Il fait toujours aussi gris et peut-être plus froid encore, mais à Paris on peut aussi aller au théâtre. Ce sera le sujet de ce dernier chapitre (de l'année) sur la "vie parisienne".
J'ai toujours besoin d'une sorte de motivation particulière pour aller au théâtre. Et là, coup sur coup j'ai vu deux pièces fort différentes mais qui m'ont toutes deux beaucoup plu.
Tout d'abord, une pièce (de près de 3 heures sans entracte) de Christophe Honoré (plus connu comme metteur en scène de cinéma que comme auteur et metteur en scène de théâtre) intitulée "Nouveau roman". On pouvait s'attendre au pire... Je m'attendais à n'y voir que des profs de lettres en retraite dans le meilleur des cas! Bien qu'il s'agisse d'une représentation supplémentaire, ce qui était plutôt bon signe, je restais inquiète. Oh surprise, la moyenne d'âge dans la salle était d'environ 30 ans, c'est à dire, pas des élèves amenés de force par leurs profs, ni des profs en mal de distraction supposée intellectuelle.
Certains des auteurs du Nouveau Roman"(Robbe-Grillet, Claude Simon, Claude Mauriac, Jérôme Lindon, leur éditeur, Robert Pinget, Samuel Beckett, Nathalie Sarraute et Claude Ollier) sont représentés sur cette photo d'époque.
Christophe honoré leur a redonné vie et jeunesse sous une toute autre forme. Et il gagne le pari, ( en partie grâce aux nouvelles technologies), et je ne me suis pas ennuyée une seconde : les acteurs, jeunes, jouent des personnages avec lesquels ils n'ont aucune ressemblance physique, ne racontent pas l'histoire d'un mouvement littéraire, ni celle des romans d'auteurs plus ou moins connus du grand public. Non, ils s'interpellent, ne délivrent pas de grandes vérité sur l'art, s'interrogent et se répondent avec vigueur et souvent humour. Récit, extraits de textes, interviews vidéos d'écrivains d'aujourd'hui, extraits de films, chansons et improvisation (en interaction avec quelques spectateurs) font de l'ensemble un spectacle jubilatoire qui donne envie de (re)lire la plupart de ces auteurs souvent inconnus ou mal compris.
Nathalie Sarraute (Ludivine Sagnier) chante accompagnée à la guitare par Claude Mauriac (Julien Honoré, le frère de Christophe)
Marguerite Duras est ici portée par Alain Robbe-Grillet, Claude Ollier, Claude Mauriac et Robert Pinget! Ce n'est pas toujours comme ça qu'on se l'imagine, même jeune...
Ce café qui leur sert parfois de repaire rappelle encore Hopper (ou c'est peut-être chez moi une sorte d'obsession...)

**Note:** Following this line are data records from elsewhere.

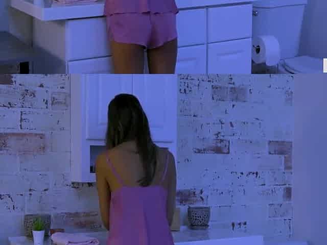 Old Step mom and teen 18+ is playing with pussy in the bathroom
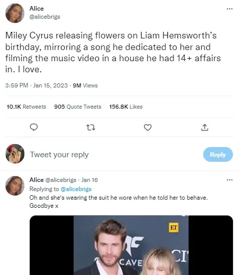 Sebuat cuitan di Twitter milik akun @alicebrigs mengklaim kalau Flowers adalah sindiran buat Liam Hemsworth bahkan dirilis di hari ulang tahun adiik Chris Hemsworth tersebut.
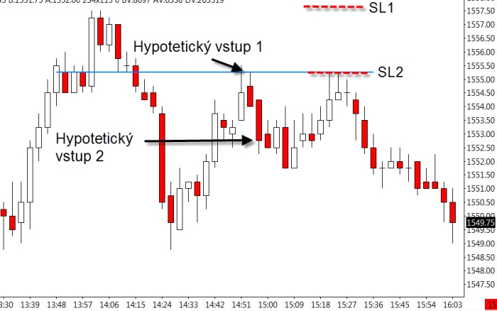 Obchodník vstupující v bodě 2 má k dispozici více informací. Už ví, že v jeho vyznačené oblasti (v našem hypotetickém případě modrá linka) se trh skutečně otočil. Ovšem za tuto informaci platí výrazně horší vstupní cenou, neboť trh od high swingu již urazil cca 2,5 bodu. Vstoupí-li obchodník do short obchodu na close úsečky, bude muset buď pracovat s větším stop-lossem než 2,5 bodu nebo použije „standardní stop-loss“, který mu vystačí jen tak tak k SR úrovni, kde jej trh „jako na potvoru“ z obchodu vyhodí.

La pièce hélas ne passe plus à Paris mais encore les 10-11 et 12 janvier à Toulon, et les 17 et 18 janvier à Perpignan. Ils auraient pu être plus ambitieux mais sans doute ne s'attendaient-ils pas à un tel succès avec un sujet réputé ennuyeux.
Je suis, quelques jours plus tard, passée à toute autre chose. Il s'agit du théâtre Hébertot, un superbe petit théâtre à l'italienne comme nous les aimons tant à Paris.
La pièce, de Florian Zeller, jeune auteur français, "Le père", a été écrite pour Robert Hirsch, et moi, bien sûr, je suis venue voir cet immense comédien. Le sujet de la pièce est âpre (vieillesse et confusion mentale) et la mise en scène assez habile mimant la confusion qui règne dans l'esprit de son héros. C'est parfois drôle, souvent très émouvant et Robert Hirsch excelle dans le rôle.
Robert Hirsch à 87 ans est encore, bien sûr, un comédien magnifique. Venu de la danse classique (quelle école!), il est resté plus de 25 ans à la Comédie Française. Il s'agit là de références qui expliquent un peu son aisance, son exigence, son irréprochable professionnalisme. Il a eu un succès à la hauteur de sa prestation.
Personnellement, je l'avais adoré dans le rôle d'Oronte (
Le misanthrope, mis en scène de Francis Huster et dans celui de Pozzo (
En attendant Godot, de Samuel Beckett, mise en scène de Patrice Kerbrat)
Il peut encore tout jouer. Chapeau l'artiste!